Still this is a solid deck for Standard play, and one I recommend trying.  If M Gardevoir-EX decks are the wave of the future, this is a hard counter for it.  If Volcanion-EX decks start winning events reliably, that is why I said “trying” and not “Run this for sure at your next tournament!”.  It is possible that M Scizor-EX is just waiting on the right partner; personally I’ve got a hankering to give Zoroark (XY: BREAKthrough 97/162) a try, helping with the Retreat Cost a bit more and providing an alternate attacker against Volcanion-EX.  The problem there is that it precludes running Garbodor, and while it can attack with any Energy, stuff like Shield Energy and Mega Turbo will have to be replaced with either more Basic Metal Energy, Rainbow Energy (in case I also add Zoroark BREAK), or Double Colorless Energy (which doesn’t help Scizor-EX or M Scizor-EX).  Might let me work in Magearna-EX, though, and Reverse Valley might become a good additional/alternate Stadium under such circumstances… but yeah, all I have for you there is some brainstorming.  It also is the best I can give you for Expanded play.  Limited Format decks are 39 cards, assembled from what you are given at the event (usually booster packs and basic Energy), and only play with four Prizes.  In Limited play, the old +39 strategy does not work for Scizor-EX, which means it doesn’t work for M Scizor-EX either; if you aren’t familiar with the notation is means running a single Basic Pokémon with 39 other non-Basic Pokémon cards.  This guarantees you open with said Basic but also that you lose when it is KO’d.  Well worth it for certain big, Basic Pokémon but not in this case.  While Scizor-EX and M Scizor-EX only use Metal Energy, the costs are low enough that working them into most other decks you might build should be a successful endeavor. 


Standard: 3.35/5 

Expanded: 3/5 

Limited: 4/5 

Summary: M Scizor-EX is a pretty good card but it it has issues with the current metagame.  It relies on more technical feats than brute force, whether in terms of raw damage output or disruption/control elements; at the time when it could be rewarded for such things, another strong deck (Volcanion-EX) is there and it isn’t reliant on the stuff M Scizor-EX can punish and instead punishes M Scizor-EX for its Fire Weakness.  It is still far from hopeless, just also a bit far from doing more than the occasional top cut at tournaments.  I ended up giving it the same score as I originally did in Standard and Limited play, though I bumped it up just a bit for Expanded; this owes to the shifts in the Expanded metagame.

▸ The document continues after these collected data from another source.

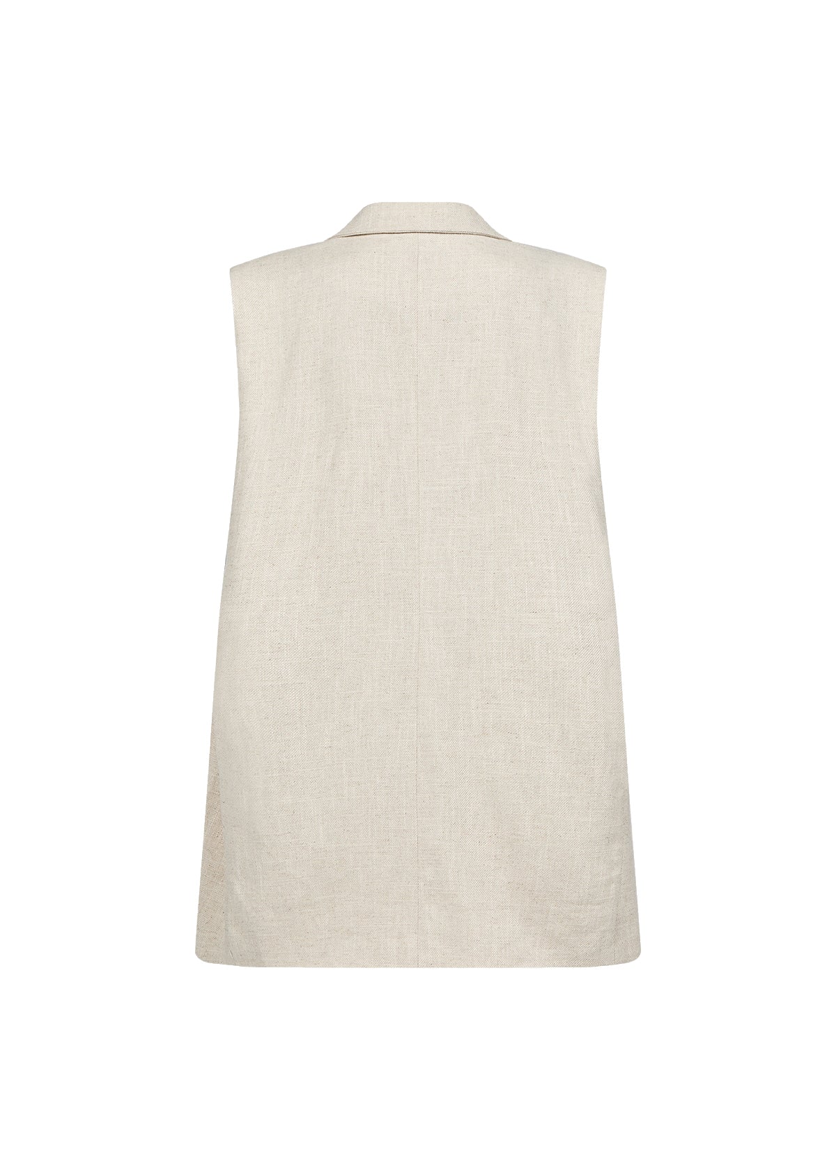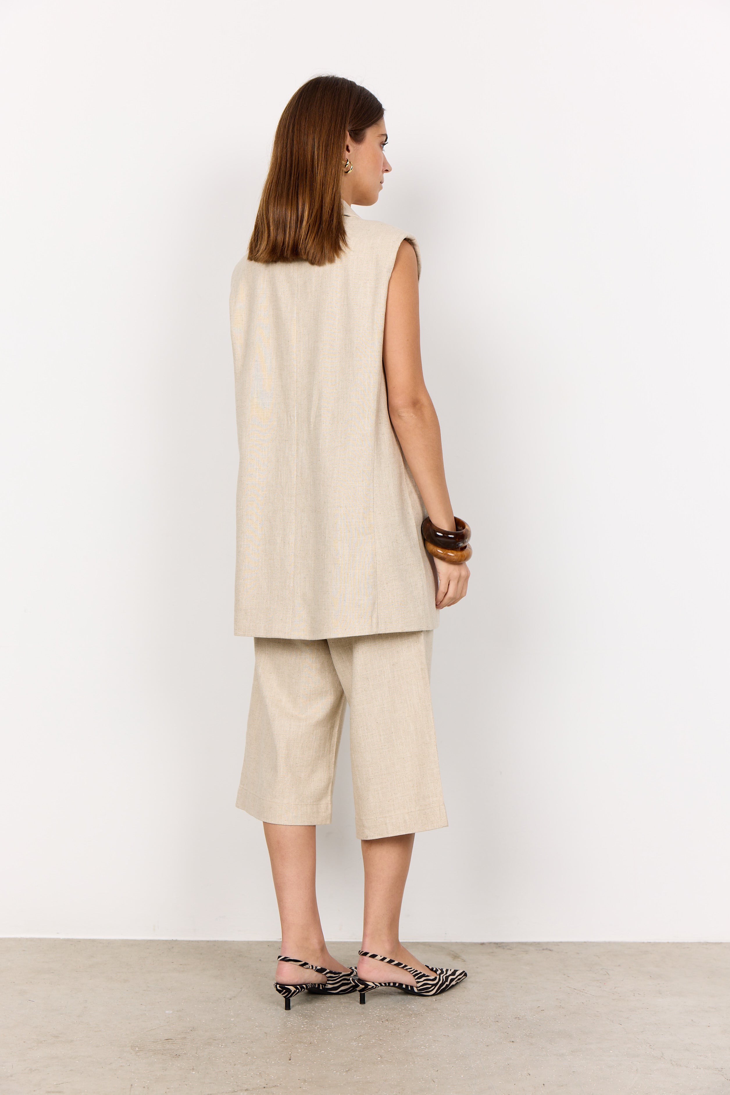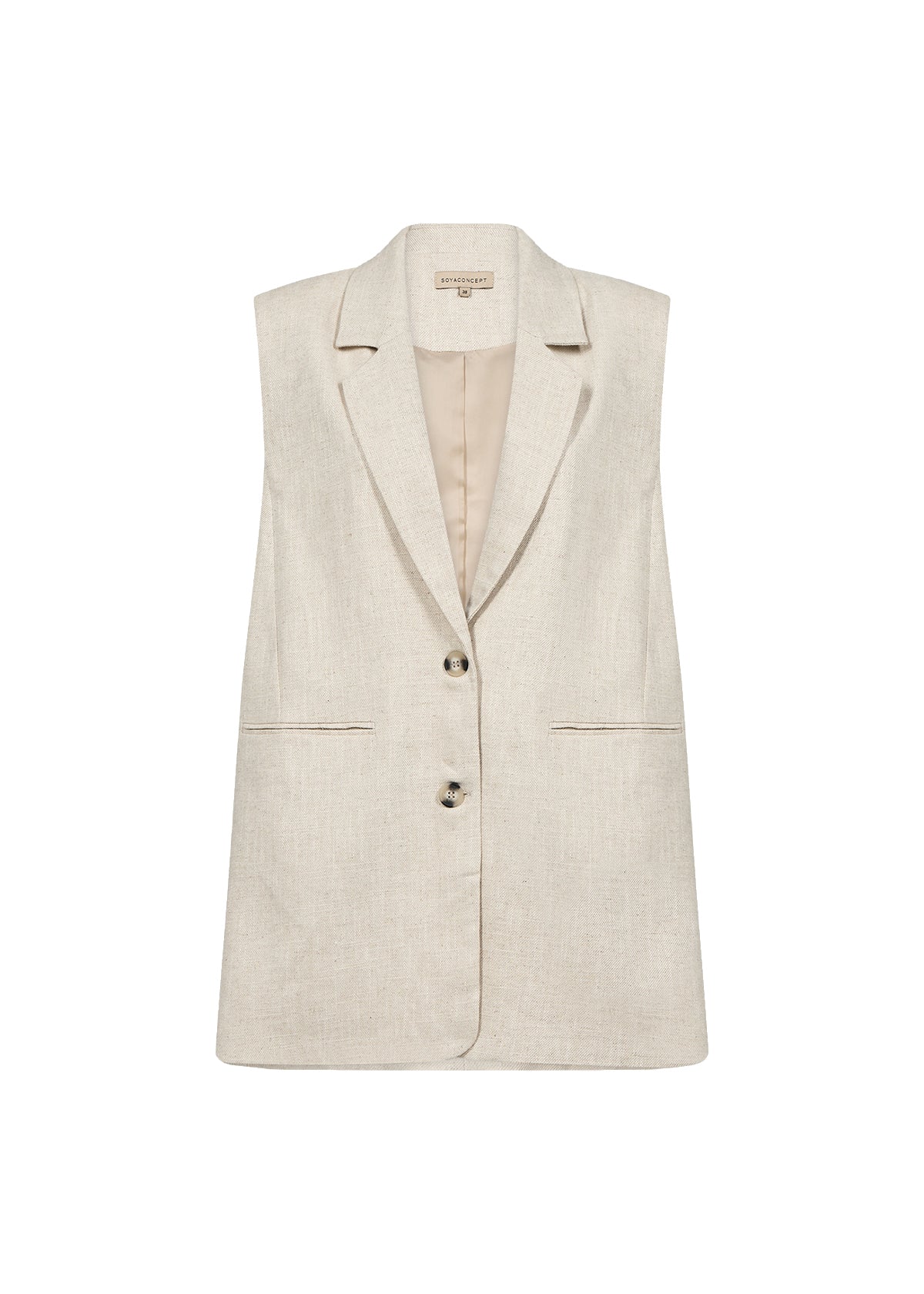 SIMI 1 vest fra SOYACONCEPTer en vest bestående af en blanding af 37% bomuld, 37% rami og 26% hør. Vesten har krave med indhak, lukning med to knapper og to lommer foran.
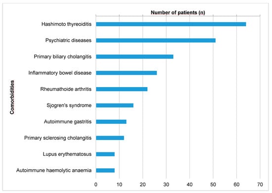 The patients were screened for concomitant autoimmune diseases at first diagnosis and in case of clinical suspicion during the course. Autoimmune thyroiditis was the most common overlapping autoimmune disease affecting 64/535 (11.96%) AIH patients. Chronic cholestatic liver diseases were present in 55/535 (8.41%) AIH patients (primary biliary cholangitis (PBC) 6.17% and primary sclerosing cholangitis (PSC) 2.24%). Furthermore, 38/535 patients (7.10%) suffered from concomitant inflammatory rheumatic diseases (22 rheumatoid arthritis, 16 Sjögren’s syndrome (thereof 5 with sicca syndrome), and 26/535 patients (4.86%) from inflammatory bowel diseases (18 ulcerative colitis, 12 Crohn’s disease). Concomitant autoimmune diseases in patients with AIH are shown in Figure 1. Interestingly, 51/535 patients (9.53%) with AIH had concomitant psychiatric diseases with depressive symptoms.
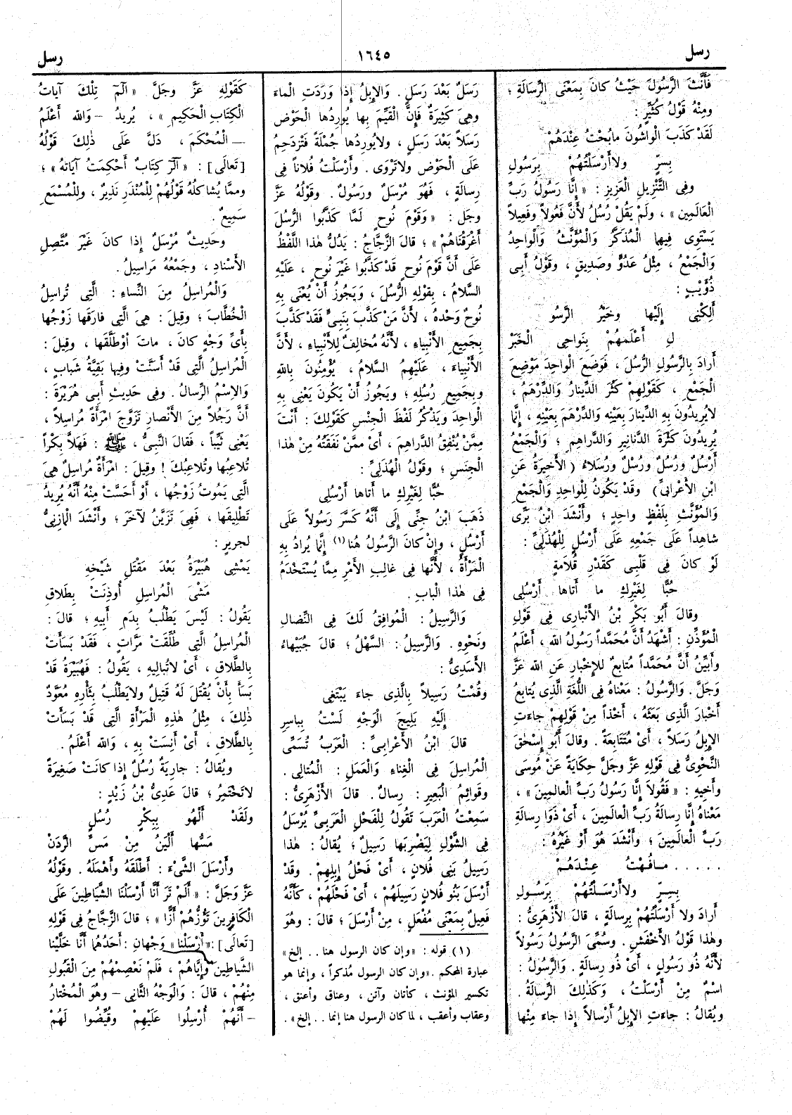 فأَنت الرَّسول حيث كان بمعنى الرِّسالة ومنه قول كثيِّر لقد كَذَب الواشُون ما بُحتُ عندهم بسِرٍّ ولا أَرْسَلْتهم برَسُول وفي التنزيل العزيز إِنَّا رَسُول رب العالمين ولم يقل رُسُل لأَن فَعُولاً وفَعِيلاً يستوي فيهما المذكر والمؤنث والواحد والجمع مثل عَدُوٍّ وصَدِيق وقول أَبي ذؤيب أَلِكْني إِليها وخَيْرُ الرَّسو ل أَعْلَمهُم بنواحي الخَبَر أَراد بالرَّسول الرُّسُل فوضع الواحد موضع الجمع كقولهم كثر الدينار والدرهم لا يريدون به الدينار بعينه والدرهم بعينه إِنما يريدون كثرة الدنانير والدراهم والجمع أَرْسُل ورُسُل ورُسْل ورُسَلاء الأَخيرة عن ابن الأَعرابي وقد يكون للواحد والجمع والمؤنث بلفظ واحد وأَنشد ابن بري شاهداً على جمعه على أَرْسُل للهذلي لو كان في قلبي كقَدْرِ قُلامة حُبًّا لغيرك ما أَتاها أَرْسُلي وقال أَبو بكر بن الأَنباري في قول المؤذن أَشهد أَن محمداً رسول الله أَعلم وأُبَيِّن أَن محمداً مُتابِعٌ للإِخبار عن الله عز وجل والرَّسول معناه في اللغة الذي يُتابِع أَخبار الذي بعثه أَخذاً من قولهم جاءت الإِبل رَسَلاً أَي متتابعة وقال أَبو إِسحق النحوي في قوله عز وجل حكاية عن موسى وأَخيه فقُولا إِنَّا رسول رب العالمين معناه إِنا رِسالة رَبّ العالمين أَي ذَوَا رِسالة رب العالمين وأَنشد هو أَو غيره ما فُهْتُ عندهم بسِرٍّ ولا أَرسلتهم برَسول أَراد ولا أَرسلتهم برِسالة قال الأَزهري وهذا قول الأَخفش وسُمِّي الرَّسول رسولاً لأَنه ذو رَسُول أَي ذو رِسالة والرَّسول اسم من أَرسلت وكذلك الرِّسالة ويقال جاءت الإِبل أَرسالاً إِذا جاء منها رَسَلٌ بعد رَسَل والإِبل إِذا وَرَدت الماء وهي كثيرة فإِن القَيِّم بها يوردها الحوض رَسَلاً بعد رَسَل ولا يوردها جملة فتزدحم على الحوض ولا تَرْوَى وأَرسلت فلاناً في رِسالة فهو مُرْسَل ورَسول وقوله عز وجل وقومَ نوح لما كَذَّبوا الرُّسُل أَغرقناهم قال الزجاج يَدُلُّ هذا اللفظ على أَن قوم نوح قد كَذَّبوا غير نوح عليه السلام بقوله الرُّسُل ويجوز أَن يُعْنى به نوح وحده لأَن من كَذَّب بنبيٍّ فقد كَذَّب بجميع الأَنبياء لأَنه مخالف للأَنبياء لأَن الأَنبياء عليهم السلام يؤمنون بالله وبجميع رسله ويجوز أَن يكون يعني به الواحد ويذكر لفظ الجنس كقولك أَنت ممن يُنْفِق الدراهم أَي ممن نَفَقَتُه من هذا الجنس وقول الهذلي حُبًّا لغيرك ما أَتاها أَرْسُلي ذهب ابن جني إِلى أَنه كَسَّر رسولاً على أَرْسُل وإِن كان الرسول هنا إِنما يراد به المرأَة لأَنها في غالب الأَمر مما يُسْتَخْدَم في هذا الباب والرَّسِيل المُوافِق لك في النِّضال ونحوه والرَّسِيل السَّهْل قال جُبَيْهاء الأَسدي وقُمْتُ رَسِيلاً بالذي جاء يَبْتَغِي إِليه بَلِيجَ الوجه لست بِباسِر قال ابن الأَعرابي العرب تسمي المُراسِل في الغِناء والعَمل المُتالي وقوائم البعير رِسالٌ قال الأَزهري سمعت العرب تقول للفحل العربي يُرْسَل في الشَّوْل ليضربها رَسِيل يقال هذا رَسِيل بني فلان أَي فحل إِبلهم وقد أَرْسَل بنو فلان رَسِيلَهم أَي فَحْلهم كأَنه فَعِيل بمعنى مُفْعَل من أَرْسَل قال وهو كقوله عز وجل أَلم تلك آيات الكتاب الحكيم يريد والله أَعلم المُحْكَم دَلَّ على ذلك قوله الر كتاب أُحْكِمَتْ آياته ومما يشاكله قولهم للمُنْذَرِ نَذير وللمُسْمَع سَمِيع وحديثٌ مُرْسَل إِذا كان غير متصل الأَسناد وجمعه مَراسيل والمُراسِل من النساء التي تُراسِل الخُطَّاب وقيل هي التي فارقها زوجها بأَيِّ وجه كان مات أَو طلقها وقيل المُراسِل التي قد أَسَنَّتْ وفيها بَقِيَّة شباب والاسم الرِّسال وفي حديث أَبي هريرة أَن رجلاً من الأَنصار تزوَّج امرأَة مُراسِلاً يعني ثَيِّباً فقال النبي صلى الله عليه وسلم فهَلاَّ بِكْراً تُلاعِبُها وتلاعِبك وقيل امرأَة مُراسِل هي التي يموت زوجها أَو أَحَسَّت منه أَنه يريد تطليقها فهي تَزَيَّنُ لآخر وأَنشد المازني لجرير يَمْشِي هُبَيرةُ بعد مَقْتَل شيخه مَشْيَ ا

M Scizor-EX scored three voting points, and they all came from me as it was my eighth place pick.  I had been trying the deck out around the time we were composing our lists, and as I should have allowed for I simply was having a lot of beginners’ luck with it.  That isn’t to say it doesn’t deserve to make our Top 10 list, just that a few cards that clocked in below it like M Gardevoir-EX and Bursting Balloon should really be above it.  Even though Scizor and Scyther aren’t my favorite Pokémon, I guess I still have a soft spot for them.  Yes, I know Scyther wasn’t involved in this CotD at all.